Jus primae noctis or droit du seigneur is the right to sleep with a nubile (young and
sexually attractive) servant before turning her over to her servant husband (the right by
which a landlord may sleep first night with the bride of a newly married serf), although
the custom may be avoided by the payment of a fine.
This law was imposed by the Ottoman rulers and widely practiced in countries under the
Ottoman rule (provinces of the Ottoman Empire were: Greece, Bulgaria, Serbia, Bosnia)
until the very end of the 19th century.
The picture, painted by Paja Jovanovic, shows a bride preparing for the wedding night.
The first night she is going to spend with her landlord. Landlords (beg, aga) were usually
Turks but there were many local nobles converting to Islam to save their privileges when
the region was controlled by the Ottoman Empire.
* The right was used on a braid of a feudal dependant or servant, any dhimmi. They
were Christians and the right wasn’t used on Muslim brides.
On the day before her wedding the young Christian bride will be visited by a
representative of the landlord (beg, aga). The representative is usually accompanied by a
file of soldiers. The representative takes the bride to the house of the landlord for a day
and a night, raping her repeatedly, and returns her to her home at dawn on the wedding
day.
An interesting detail on the picture is that all women on the picture are dressed in
traditional oriental (Turkish style) clothing. Under the Ottomans textile styles has
influenced by Islamic tradition. Women on the picture except the one on the right have
their hair covered with a shawl (also called shamija or mahram) according to the Islamic
custom.
Women wore “dimije” (it looks like baggy trousers) of thin, often gold-woven, silk
brocade, emphasising the female figure.
1998 Yugoslav postal authorities issued 4 stamps dedicated to national customs. The
motif on the stamp of 6,00 din. value is the painting “Dressing/Adornmnet of the Bride”
by Paja Jovanovic

Source:
http://www.geocities.com/Eureka/Park/7313/primae_noctis_jus.htm

Jus Primae Noctis – Details
The historical acceptance of rape may have influenced the incidence of rape in the wars
of the last decade in former Yugoslavia. However, there were other historical factors
which tended to promote its use and lend themselves to propaganda promoting it, in
Bosnia-Herzegovina as well as Serbia. Under Ottoman rule, within which much of Serbia
gained autonomy in 1830 but Bosnia-Herzegovina was to remain until 1878, there had
been a disadvantaged position of Serbs and Croats.

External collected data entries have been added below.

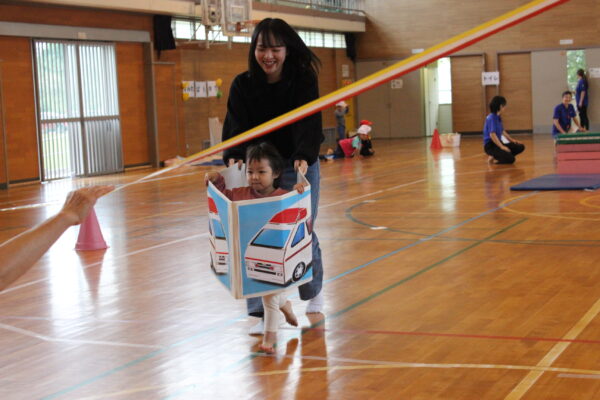 未満児さんは、お家の人と一緒にバナナたいそうを踊ったり、消防士や救命士になりきって障害物にチャレンジ!
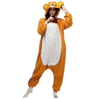 Aside from that, you’ll really start to feel like Rilakkuma thanks to the onesie’s design! The body of the garment is a light brown color with elastic wrist and ankle cuffs for a better fit. Side pockets on both sides of the onesie can be used to store in some snacks, money, your phone, or other essentials if you need a quick trip to the grocery store. That’s convenience, comfort, and style all in one! The white belly features a full front button closure along with a full zipper closure at the back; there’s a fluffy round tail at the bottom of the zipper, too! To really impersonate the look of Rilakkuma, slip on the hoodie complete with the beloved bear’s facial features and even an adorable set of ears!
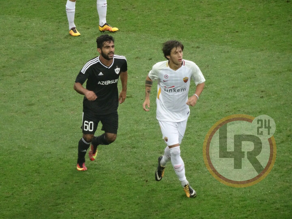 62' - Roma vicina al terzo gol: ripartenza ben condotta dalla Roma che da Valeau porta al tiro Antonucci: il tiro di sinistro dell'attaccante viene bloccato da un grande intervento del portiere del Qarabag che devia in angolo.
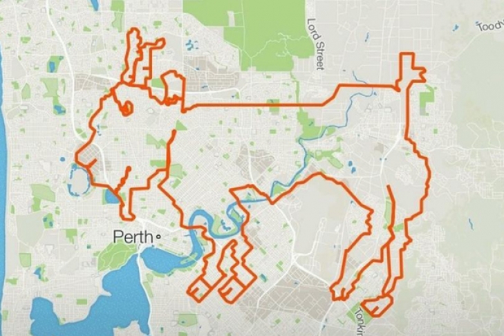 Группа велосипедистов-любителей в Австралии проехала в течение восьми часов 202 километра по местным дорогам, чтобы из их общего маршрута на компьютерной карте получилось изображение козла.
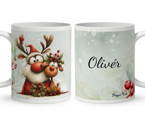 Indítsd a napot egy adag ünnepi varázslattal ezzel a névre szóló Cuki karácsonyi Mikulás és szarvas mintás bögrével! Tökéletes karácsonyi ajándék és mindenkinek, aki szereti a meghitt pillanatokat, a bájos erdei állatokat és a személyes meglepetéseket. Garantáltan mosolyt csal az arcodra, minden korty forró kávé, kakaó vagy tea után!...mert mindenkinek jár egy kis cukiság.
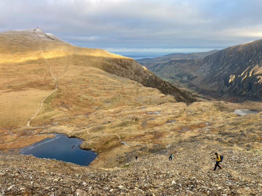 Soon we reached the first mountain on our agenda, Y Garn, where a large black bird circled above the summit. We hiked past the oversized raven and carried on down the other side of the mountain. After a short walk downhill, we arrived at a small, completely frozen lake, Llyn Y Cwn , where we couldn’t resist throwing some rocks and pebbles onto the ice.
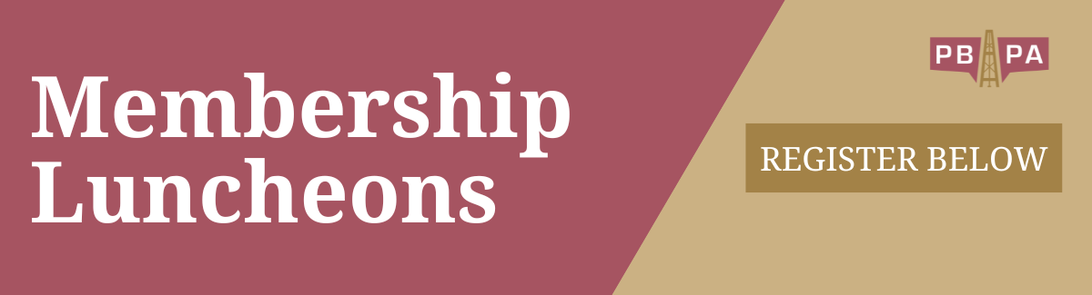 PBPA periodically holds membership luncheons featuring a distinguished guest speaker. Membership Luncheons are a great way to meet fellow PBPA members and hear from experts on topics that are pertinent to the oil & gas industry.

The use or misuse of Serb and other Christian minority women by Muslim men, especially
Ottoman officials and the landlord class, has been a major source of grievance. Polygamy
and concubinage by Muslim men, especially Ottoman officials and landlords or begs,
resulted in wives and concubines being taken from the Christian population as well as the
Muslim one, and often abandoned when no longer wanted. The insecurity of these
women resulted in their having relatively few children, and resorting to abortion,
infanticide and other birth control measures (Stoianovich 1994, p. 159).

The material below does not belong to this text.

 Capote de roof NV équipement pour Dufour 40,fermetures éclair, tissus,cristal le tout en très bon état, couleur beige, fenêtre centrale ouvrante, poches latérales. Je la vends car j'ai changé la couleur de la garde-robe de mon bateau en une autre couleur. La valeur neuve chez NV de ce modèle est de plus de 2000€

The other ‘misuse’ was through ‘first night’ arrangements, more generally known as the
jus primae noctis (right to the first night) or droit de seigneur (the right of the feudal
lord), by which the janissary in charge of an estate or the local landlord had the right to
the virginity of all brides among Serb and other serfs. These arrangements are a folk
memory rather than attested by literary sources. They were mentioned by Bosnian Serb
former politician Biljana Plavsic in 1993 in an attempt to assert that rape was the war
strategy of the Muslims and Croats. She noted that it was ‘quite normal of Muslim
notables to enjoy the jus primae noctis with Christian women’ during the Ottoman period
(Cohen 1998, p. 222). Levinsohn (1994, p. 274) quotes Belgrade publisher Petar Zdazdic
as saying that there was a tradition that the Serb serf or peasant would have to walk
around the house with his shoes in his hands when an Ottoman official or landlord came
to the house to have intercourse with his wife. In the early phase of Ottoman occupation
the janissaries, who were in control of major agricultural estates as well as forming the
core of the military, were forbidden to marry until they retired from the service of the
empire. First night and similar arrangements may have been important substitutes for
marriage.
However, the landlords became an increasingly hereditary class. In Bosnia some three
hundred years ago they had to persuade Serbs to come from Montenegro to work their
land as serfs or sharecroppers. Muslim peasants had chosen increasingly to purchase
their own land and work it as smallholders rather than be serfs, but this option was not
open to Christians in Bosnia-Herzegovina until after 1830. Hence first night and
concubinage arrangements for Serb and Croat kmet or serf women would have become
less common in the later phases of Ottoman rule. Also, the landlord class accounted for
no more than 5 to 10 per cent of the Muslim population – there were 4000 families who
had land redistributed from them in the 1919 land reform. Hence only a small proportion
of the Muslim population had access to Orthodox and Christian women where this was
common, certainly not the majority. In Kosovo the majority of Serbs were in effect serfs
working the land for Albanian clan leaders as well as Turkish landlords prior to the first
Balkan War of 1912, but it is not known what impact this had on access to women.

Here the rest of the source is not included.